Phenotypic variation
Continuous variation for percentage of symptomatic spikelets (PSS) was observed at the GWAS panel in both 2017 and 2018 growing seasons, from highly resistant (PSS<25%) to highly susceptible (PSS>75%)(Fig. 1). The disease symptom was more severe in 2018 growing season (Fig. 2a). Wheat cultivars from different provinces of China exhibited different levels of resistance to FHB(Fig. 2b). Cultivars from Hunan and Jiangsu provinces exhibited consistently highly resistant to FHB in two seasons, whereas cultivars from Shandong province showed the highest susceptibility.
Population structure analysis
To estimate the sub-populations of the 171 wheat cultivars, population structure analysis was performed using 1,676 polymorphic SNP markers distributing on 21 wheat chromosomes with r2 values >0.2. The results indicated that the cultivars could be separated into two sub-populations (K=2) (Fig. 3a,3b). Subgroup 1 consists of 99 cultivars, mainly comprising varieties from Anhui, Jiangsu, Henan, Shaanxi and Hunan; subgroup 2 consists 72 cultivars (Table S1), most of which were from Henan, Jiangsu, Shandong, Shanxi. Wheat cultivars from Anhui and Hunan were all clustered into subgroup 1.
Linkage disequilibrium (LD) analysis
The filtered markers from the 90K SNP genotyping arrays were used to calculated LD decay for the A, B, and D sub-genomes separately as well as the whole genome. 38.9% of all pairs of loci had significant LD (P < 0.001) with an average r2 of 0.281 from 23,556 polymorphic SNPs which distributed at the genome-wide level. The B sub-genome contained the largest number of significant markers (50.0%), followed by A (39.7%) and D (24.0%) sub-genomes. The highest LD decay distance was present in the D sub-genome and the lowest was found in the B sub-genome. The average LD decay distance was ~10.5 Mb for the whole genome and 10, 9.5, and 12 Mb for A, B, and D sub-genomes, respectively (Fig. 3c).
Marker-trait associations
Association analysis was conducted using PSS data across two years and 23,556 filtered markers. Altogether, 26 loci (88 MTAs, P < 10−3) with phenotypic variances explained (R2) ranging from 6.64-14.18% were identified across all of the chromosomes except for 2D, 6A, 6D and 7D (Fig. 4a, 4b). Among these, 41, 32 and 15 significant markers were located on the A, D and B sub-genomes, respectively (Fig. 4c; Table S2). More FHB MTAs were found on chromosomes 1A, 1D, 1B, 2A, 3B, 4A and 5D.
Twenty-eight MTAs located on chromosomes 1B (1), 4A (7), 5D (19) and 7A (1) were consistently identified in both seasons and could be considered as stable QTL ( Table 1 ), SNP GENE-0293_154 located on 1B explained 6.91-7.18% of phenotypic variances (R2). Seven and 19 SNPs located on 4AL and 5DL chromosomes explained phenotypic variances (R2) ranging from 9.36-11.63% and 8.11-14.18%, respectively. The SNP BobWhite_c22875_239 located on 7A could explain 8.12-8.53% of phenotypic variances (R2).

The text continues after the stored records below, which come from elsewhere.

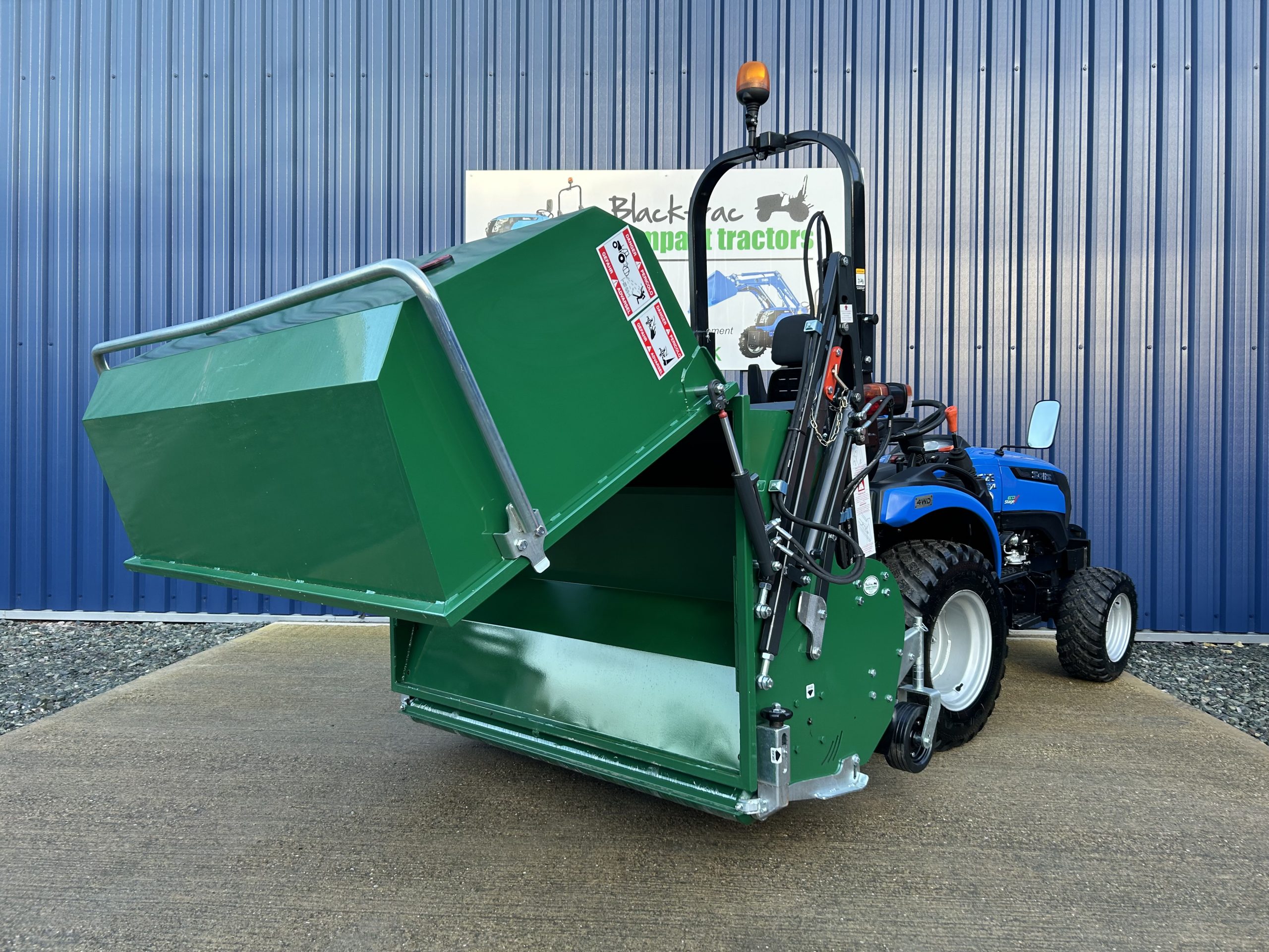 - Huge capacity hopper which is simply hydraulically emptied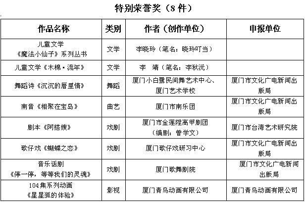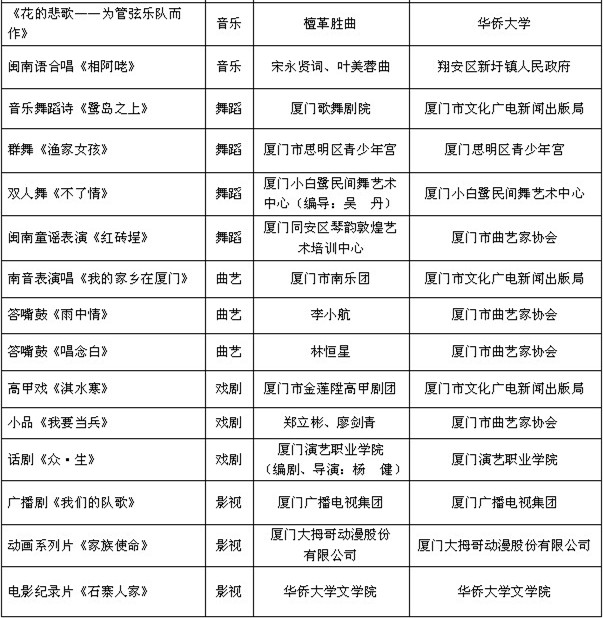 附:第五届厦门文学艺术奖拟获奖作品名单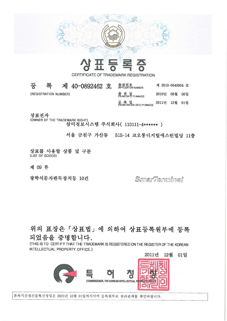 HOME > 제품소개 > H/W > 보유특허 > 상표(5건)

Due to the high level of LD in wheat, the SNP clusters identified on chromosomes 4AL (QFhb-4AL) from 621.85 Mb to 622.24 Mb and 5DL (QFhb-5DL) from 546.09 Mb to 547.27 Mb most likely represented chromosome regions containing significant FHB associated loci, respectively. Haplotype analyses of the associated markers revealed three haplotype groups (Fig. 5a), Haplotype 1 consisted of 149 cultivars with an average PSS of 48.92% over two years, in which 24 were resistant, 55 were moderately resistant, and 70 were susceptible. Haplotype 2 consisted of 19 cultivars with an average PSS of 19.94% over two years, and 12 of them were resistant and 7 were moderately resistant. Haplotype 3 comprised three resistant cultivars with an average PSS of 11.52%. The results indicated that other resistant genes also existed in the cultivars of Haplotype 1 (Table 2, S3). Interestingly, each haplotype contains wheat cultivars with same associated SNPs on both QFhb-4AL and QFhb-5DL simultaneously (Fig. 5b).